- _What the task asks_
Write the full listing out again, word for word, but omit the pictures.

- _Material provided_
--- START ---
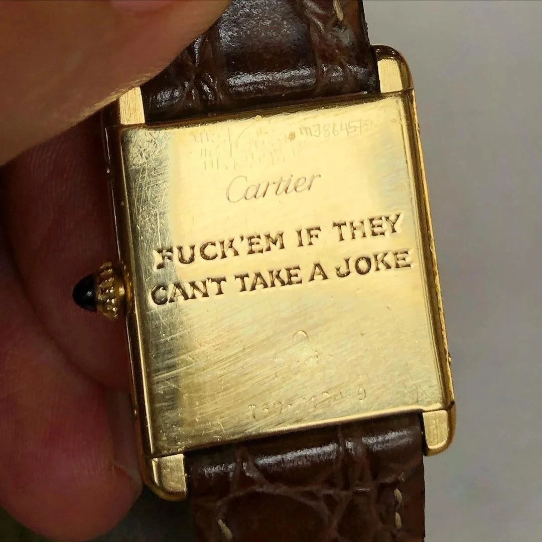 A second example revealed a very different kind of attachment. Coblitz pointed to a gold Cartier Tank engraved with the phrase “F*** ’em if they can’t take a joke.” “It’s less the watch and more the inscription that really makes it for me,” he said. The appeal, he explained, lay in the humor and intent behind the engraving. “I’ve always valued adding copious amounts of humor to more serious situations and appreciate others with that sense of humor.”
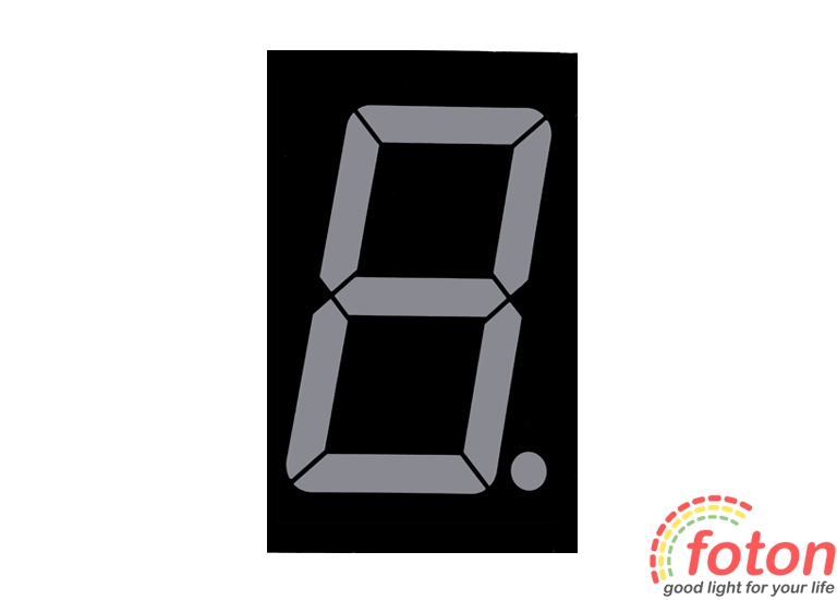 Семісегментний світлодіодний індикатор з точкою, призначений для створення невеликих цифрових табло, може використовуватися в приладах та устаткуванні. Дозволяє відображати одну цифру та точку, світло світлодіода червоне, підкладка чорна.
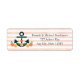 Coral and navy blue nautical wedding, bridal shower, couples shower, anniversary or engagement party return address labels with an anchor with a coral heart hanging off its rope and coral flowers and yellow roses with green leaves make up the floral elements of this lovely seaside themed design. A coral and white watercolor look striped background complete this by the beach look address sticker. Artwork © Chrissy H. Studios, LLC. All rights reserved.
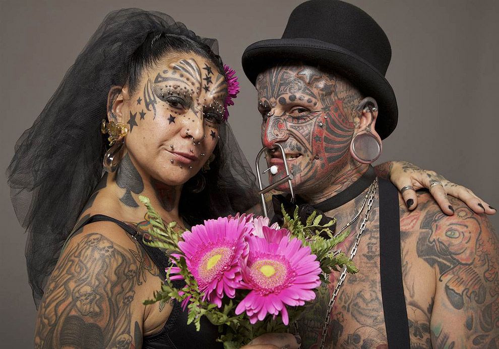 Виктор Хьюго Перальта из Уругвая и его жена Габриэла Перальта из Аргентины могут похвастаться 77 модификациями тел, в том числе 50 пирсингов, 11 нательных имплантатов, 5 зубных имплантатов, 4 расширителя ушей, 2 болта в ушах.
--- END ---
- _Output below_
 A second example revealed a very different kind of attachment. Coblitz pointed to a gold Cartier Tank engraved with the phrase “F*** ’em if they can’t take a joke.” “It’s less the watch and more the inscription that really makes it for me,” he said. The appeal, he explained, lay in the humor and intent behind the engraving. “I’ve always valued adding copious amounts of humor to more serious situations and appreciate others with that sense of humor.”
 Семісегментний світлодіодний індикатор з точкою, призначений для створення невеликих цифрових табло, може використовуватися в приладах та устаткуванні. Дозволяє відображати одну цифру та точку, світло світлодіода червоне, підкладка чорна.
 Coral and navy blue nautical wedding, bridal shower, couples shower, anniversary or engagement party return address labels with an anchor with a coral heart hanging off its rope and coral flowers and yellow roses with green leaves make up the floral elements of this lovely seaside themed design. A coral and white watercolor look striped background complete this by the beach look address sticker. Artwork © Chrissy H. Studios, LLC. All rights reserved.
 Виктор Хьюго Перальта из Уругвая и его жена Габриэла Перальта из Аргентины могут похвастаться 77 модификациями тел, в том числе 50 пирсингов, 11 нательных имплантатов, 5 зубных имплантатов, 4 расширителя ушей, 2 болта в ушах.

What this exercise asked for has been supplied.